On 18.07.2018 19:29, Paul Koning wrote:
> 
> 
>> On Jul 18, 2018, at 1:22 PM, Boris Kolpackov <bo...@codesynthesis.com> wrote:
>>
>> Paul Koning <paulkon...@comcast.net> writes:
>>
>>>> On Jul 18, 2018, at 11:13 AM, Boris Kolpackov <bo...@codesynthesis.com> 
>>>> wrote:
>>>>
>>>> I wonder what will be the expected way to obtain a suitable version of
>>>> Python if one is not available on the build machine? With awk I can
>>>> build it from source pretty much anywhere. Is building newer versions
>>>> of Python on older targets a similarly straightforward process (somehow
>>>> I doubt it)? What about Windows?
>>>
>>> It's the same sort of thing: untar the sources, configure, make, make
>>> install.

Windows binaries and MacOSX binaries are available from upstream.  The build
process on *ix targets is autoconf based and easy as for awk/gawk.
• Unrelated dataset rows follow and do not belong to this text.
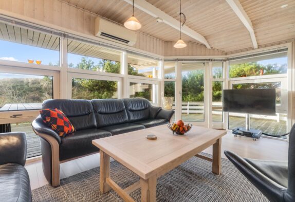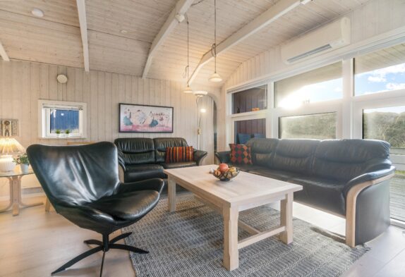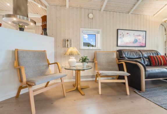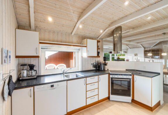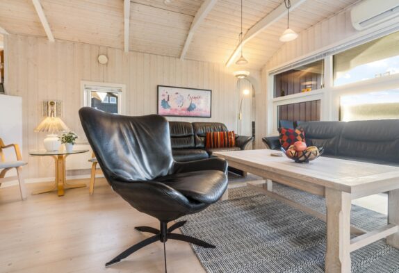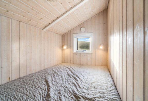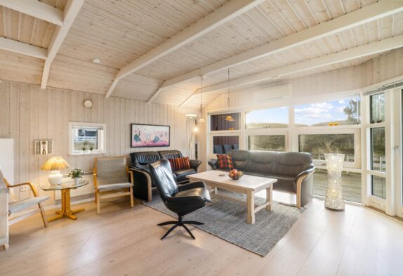 Indendørs er sommerhuset klassisk indrettet med lyse trævægge, der skaber en varm og imødekommende stemning. Store vinduespartier mod syd og vest lukker lyset ind og giver en fin forbindelse til naturen udenfor. I stuen kan I tænde op i brændeovnen og nyde en stille stund med en god bog eller et brætspil, mens varmepumpen sørger for en behagelig temperatur hele året.
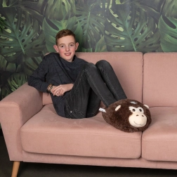 Ta topli copat COZY NOXXIEZ v prikupnem dizajnu gorile je odlična izbira za vse ljubitelje mehkega udobja. Namenjen je notranji uporabi med počitkom – stopala ostanejo topla zaradi prijetnega polnila in mehkega zunanjega materiala. Odlično se poda na kavč ali v posteljo ter navduši tako otroke kot odrasle.
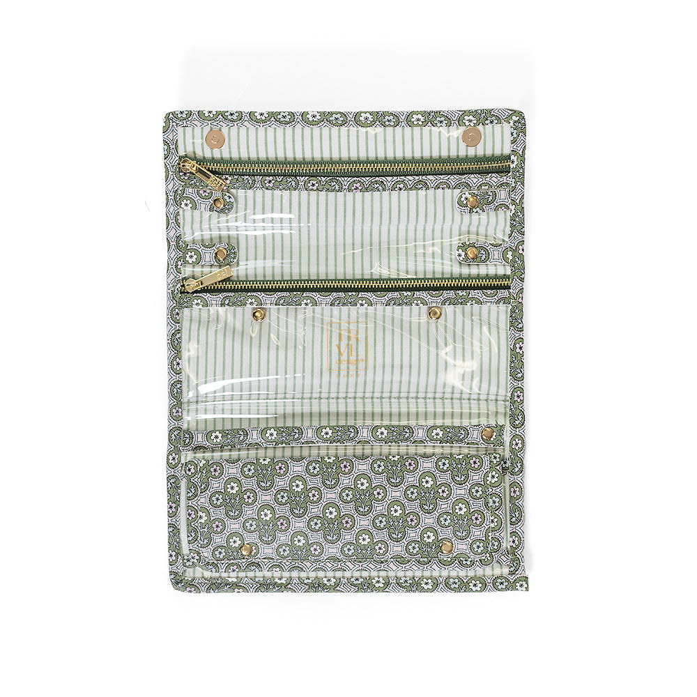 LUXE JEWELRY WALLET - SURREY with Green Pinstripe Liner
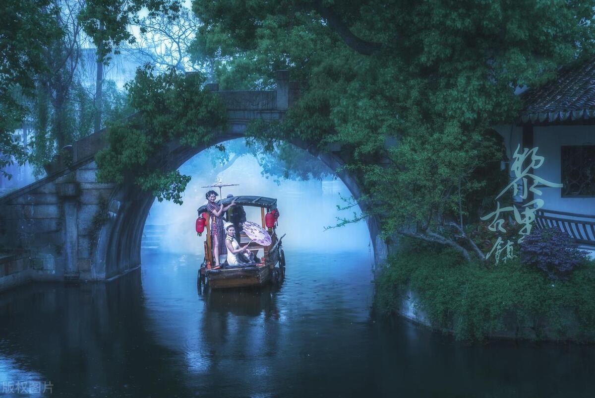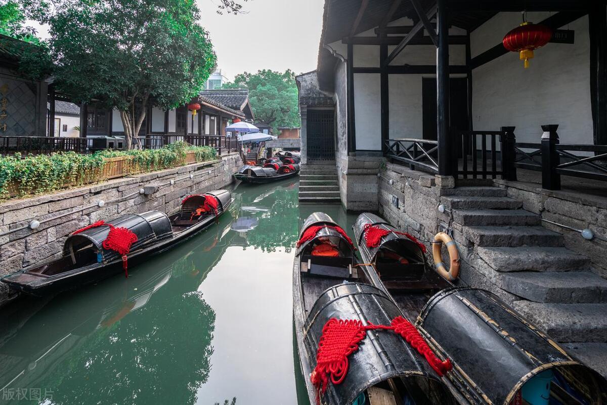 水墨丹青宛畫卷,古鎮泊舟靚麗景。
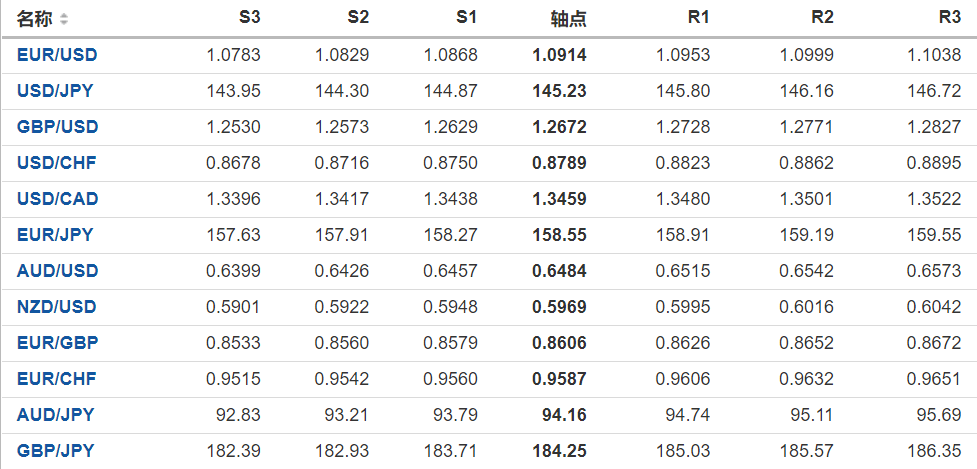 日元:美元/日元收高,收报145.549,涨幅0.43%。技术面上,汇价上行的初步阻力位于145.861,进一步阻力位146.186,关键阻力位于146.793;汇价下行的初步支撑位于144.929,进一步支撑位于144.322,更关键支撑位于143.997。
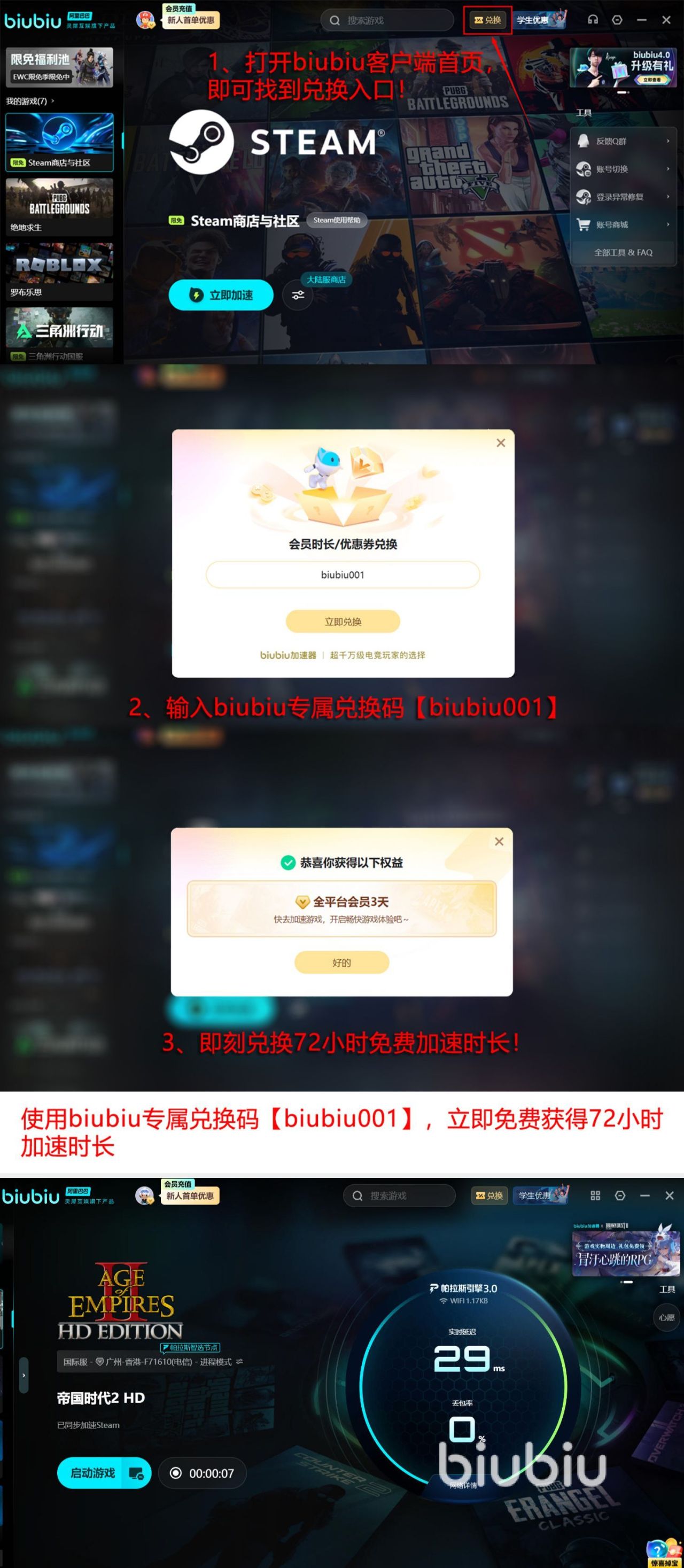 当前新用户注册即可自动获得24小时免费加速时长;另输入专属兑换码【biubiu001】,还可额外领取3天使用权。两项福利叠加,总计可享96小时无门槛加速服务,零成本应对联机卡顿与闪退困扰,助力玩家顺畅投入多文明对抗与史诗战役之中。
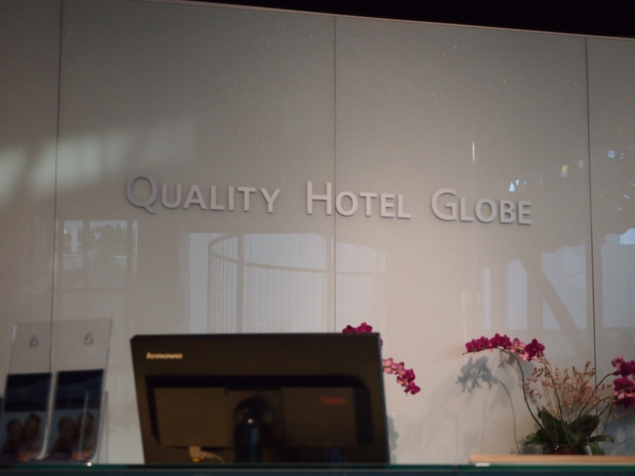 駅をでたら歩道橋をそのまま渡り、ショップの入り口を通り越して最初の角を右に曲がって少し歩くと左手にホテルの入り口の回転ドアがあります。エスカレーターで一階下がるとフロントがあります。
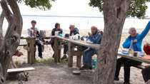 Le midi pique-nique au bord du lac, avec un repli sous la pagode après un
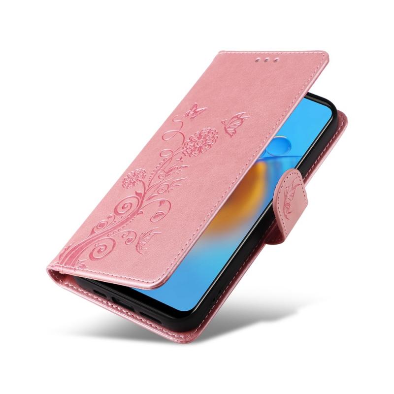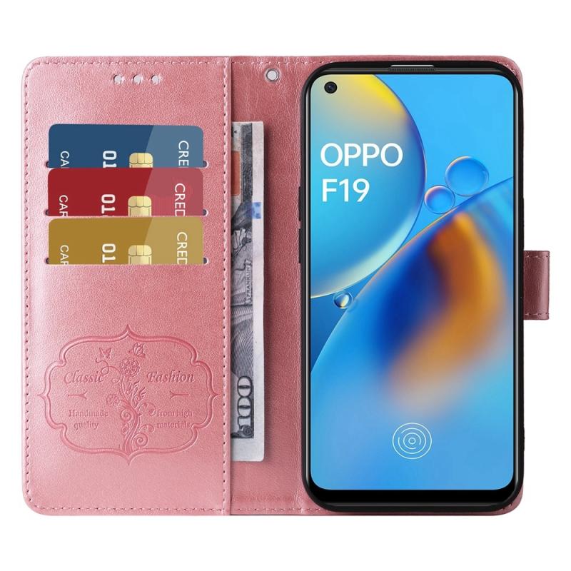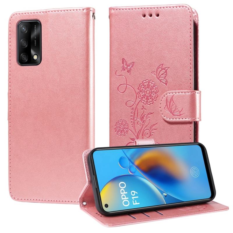 For OPPO A74 4G / F19 4G / F19s / A95 4G Embossed Butterfly Flowers Leather Phone Case(Rose Gold)
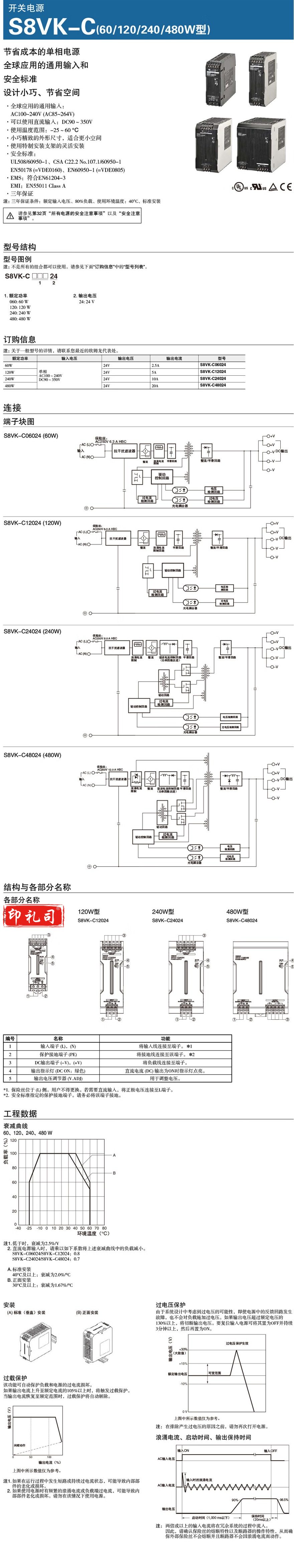 继电器 S8VK2001G,S8VK-C12024S8VK-C开关电源 ,C
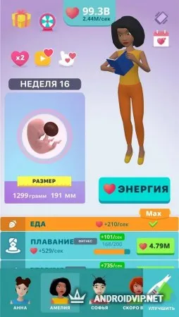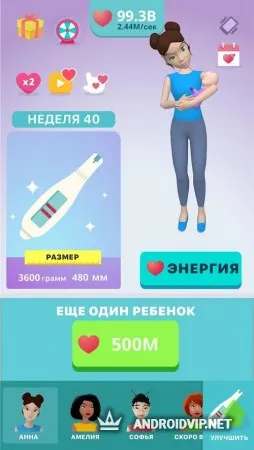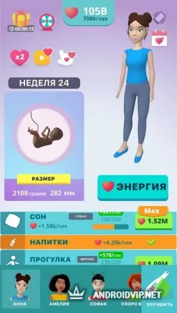 Вы пройдете весь путь с беременной девушкой от начала и до рождения первенца. Следите за состоянием её здоровья, и в случае чего принимайте необходимые меры. Подготовьте комнату для будущего малыша, купите мебель и все необходимые элементы. Уже терпится стать мамой? Тогда устанавливайте эту игру прямо сейчас!
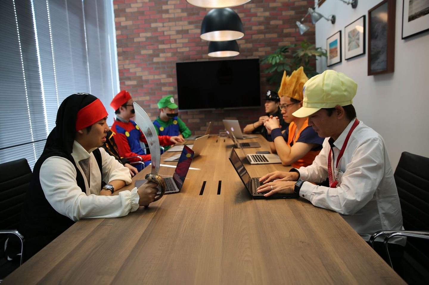 ボードメンバーミーティングに潜入してみると、思い思いの衣装を身にまとった役員たちが。
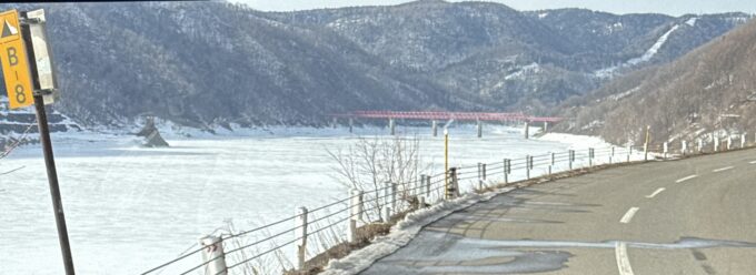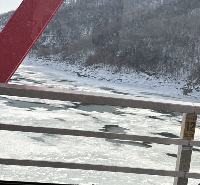 夏はクルマで行けますが、冬は、雪道の運転経験がある人ではないと、雪が多い年は、なかなか難しいルートです。市街地から約40キロ離れています。川が凍結していました。
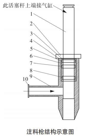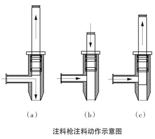 圖1是給袋式真空包裝機(jī)的注料槍結(jié)構(gòu)示意圖是生產(chǎn)靜止時(shí)的狀態(tài),當(dāng)主機(jī)控制發(fā)出注料信號(hào)時(shí),如圖2(a)注料槍活塞桿在氣缸帶動(dòng)下,向上移動(dòng),使注料槍體下料與進(jìn)料管形成通道,注料泵動(dòng)作,物料通過注料槍灌裝入包預(yù)制包裝袋內(nèi);注料泵完成一次打料動(dòng)作后,注料槍活塞向下移動(dòng),如圖2注料動(dòng)作示意圖(b),活塞桿將注料槍體下端的物料全部推入包裝袋內(nèi),并封住進(jìn)料管口,為了防止活塞桿下端粘料,可根據(jù)需要在活塞桿中間開孔,上端進(jìn)氣,一直吹向最下端,將活塞桿下端粘的物料吹掉,從而使注料槍不滴油滴料;為了防止活塞桿與注料槍體之間粘料,而掛在注料槍最下端,包裝袋走過時(shí)污染到袋口,設(shè)計(jì)注料活塞桿向上移運(yùn)一定距離,但不能超過進(jìn)料管口(保證進(jìn)料口是封住的),如圖2注料槍注料動(dòng)作示意圖2(c)。灌裝注料完成一次動(dòng)后注料槍下端是空出一段的,等待下一次動(dòng)作時(shí)活塞桿再向上移動(dòng)到圖2(a)狀態(tài)。

>> Will this also install all the Python packages one might plausible want
>> to use in GCC?

some extension modules depend on external libraries, but even if those don't
exist, the build succeeds without building these extension modules. The sources
come with embedded libs for zlib, libmpdec,  libexpat.  They don't include
libffi (only in 3.7), libsqlite, libgdbm, libbluetooth, libdb.  I suppose the
usage of such modules should be banned by policy.  The only needed thing is any
of libdb (Berkley/SleepyCat) or gdbm to build the anydbm module which might be
necessary.

> It installs the entire standard Python library (corresponding to the 1800+ 
> pages of the library manual).  I expect that will easily cover anything GCC 
> might want to do.

The current usage of awk and perl doesn't include any third party libraries.
That's where the usage of Python should start with.